Some good chess programs do run in parallel (see [Finkel:82a], [Marsland:84a], [Newborn:85a], [Schaeffer:84a;86a]), but before our work nobody had tried more than about 15 processors. We were interested in using hundreds or thousands of processors. This forced us to squarely face all the issues of parallel chess-algorithms which work for a few processors do not necessarily scale up to hundreds of processors. An example of this is the occurrence of sequential bottlenecks in the control structure of the program. We have been very careful to keep control of the program decentralized so as to avoid these bottlenecks.

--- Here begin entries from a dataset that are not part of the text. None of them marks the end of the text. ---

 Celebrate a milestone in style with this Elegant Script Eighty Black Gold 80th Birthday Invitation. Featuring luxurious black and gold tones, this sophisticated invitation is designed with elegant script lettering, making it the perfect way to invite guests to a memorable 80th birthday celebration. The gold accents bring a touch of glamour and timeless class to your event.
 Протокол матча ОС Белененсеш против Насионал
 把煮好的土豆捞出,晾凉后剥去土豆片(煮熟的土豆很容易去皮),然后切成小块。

The parallelism comes from searching different parts of the chess tree at the same time. Processors are organized in a hierarchy with one master processor controlling several teams, each submaster controlling several subteams, and so on. The basic parallel operation consists of one master coming to a node in the chess tree, and assigning subtrees to his slaves in a self-scheduled way. Figure 14.5 shows a timeline of how this might happen with three subteams. Self-scheduling by the slaves helps to load-balance the computation, as can be seen in the figure.

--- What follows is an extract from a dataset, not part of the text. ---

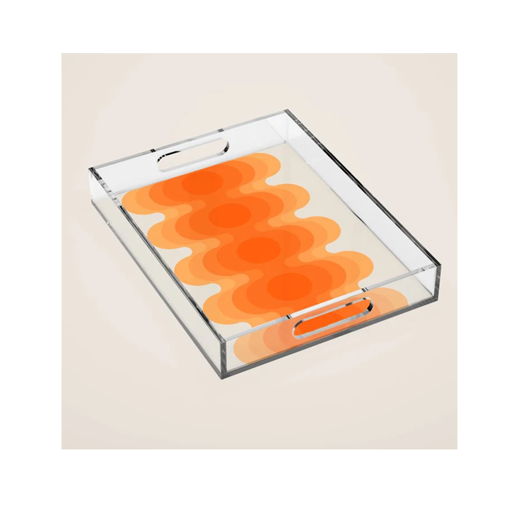 Plateau de service en acrylique à motif imprimé feuille, idéal pour le Nouvel An, pour servir pâtisseries, bonbons et chocolats

So far, we have defined what happens when a master processor reaches a node of the chess tree. Clearly, this process can be repeated recursively. That is, each subteam can split into sub-subteams at some lower level in the tree. This recursive splitting process, illustrated in Figure 14.6, allows large numbers of processors to come into play.
In conflict with this is the inherent sequential model of the standard alpha-beta algorithm. Pruning depends on fully searching one subtree in order to establish bounds (on the score) for the search of the next subtree. If one adheres to the standard algorithm in an overly strict manner, there may be little opportunity for parallelism. On the other hand, if one is too naive in the design of a parallel algorithm, the situation is easily reached where the parallel program searches an impressive number of board positions per second, but still does not search much more deeply than a single processor running the alpha-beta algorithm. The point is that one should not simply split or ``go parallel'' at every opportunity-as we will see below, it is sometimes better to leave processors idle for short periods of time and then do work at more effective points in the chess tree.

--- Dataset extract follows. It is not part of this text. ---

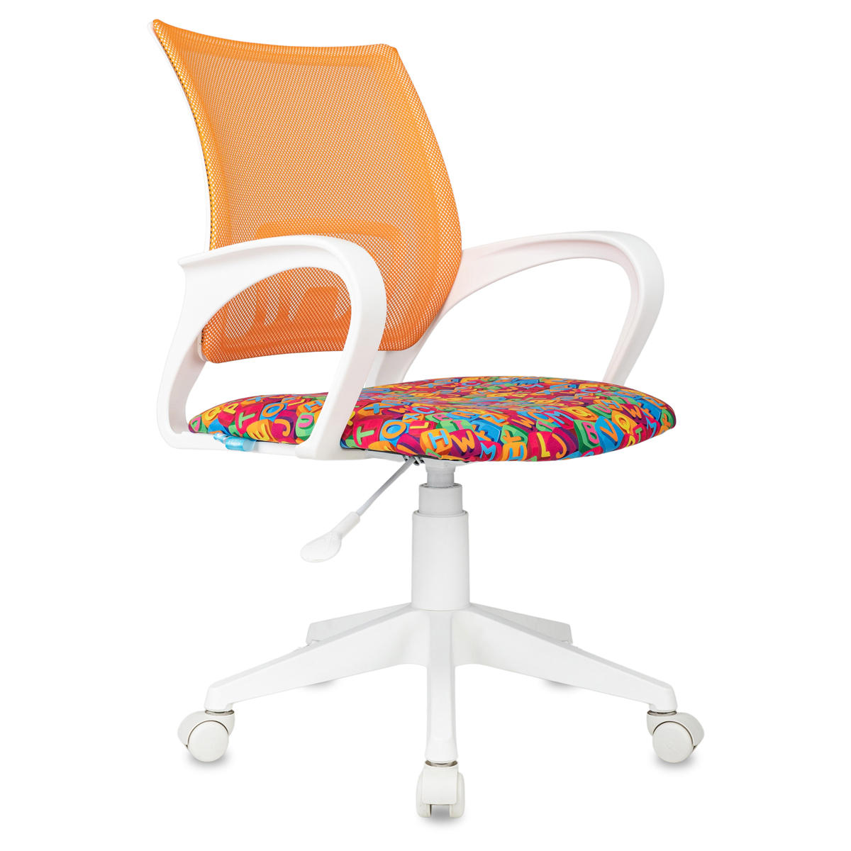 Кресло детское Helmi HL-K95 R (W695) "Airy", спинка сетка оранжевая/сиденье ткань с рисунком алфавит, пиастра, пластик белый

Figure: The Splitting Process of Figure 14.5 is Now Repeated, in a Recursive Fashion, Down the Chess Tree to Allow Large Numbers of Processors to Come into Play. The topmost master has four slaves, which are each in turn an entire team of processors, and so on. This figure is only approximate, however. As explained in the text, the splitting into parallel threads of computation is not done at every opportunity but is tightly controlled by the global hash table.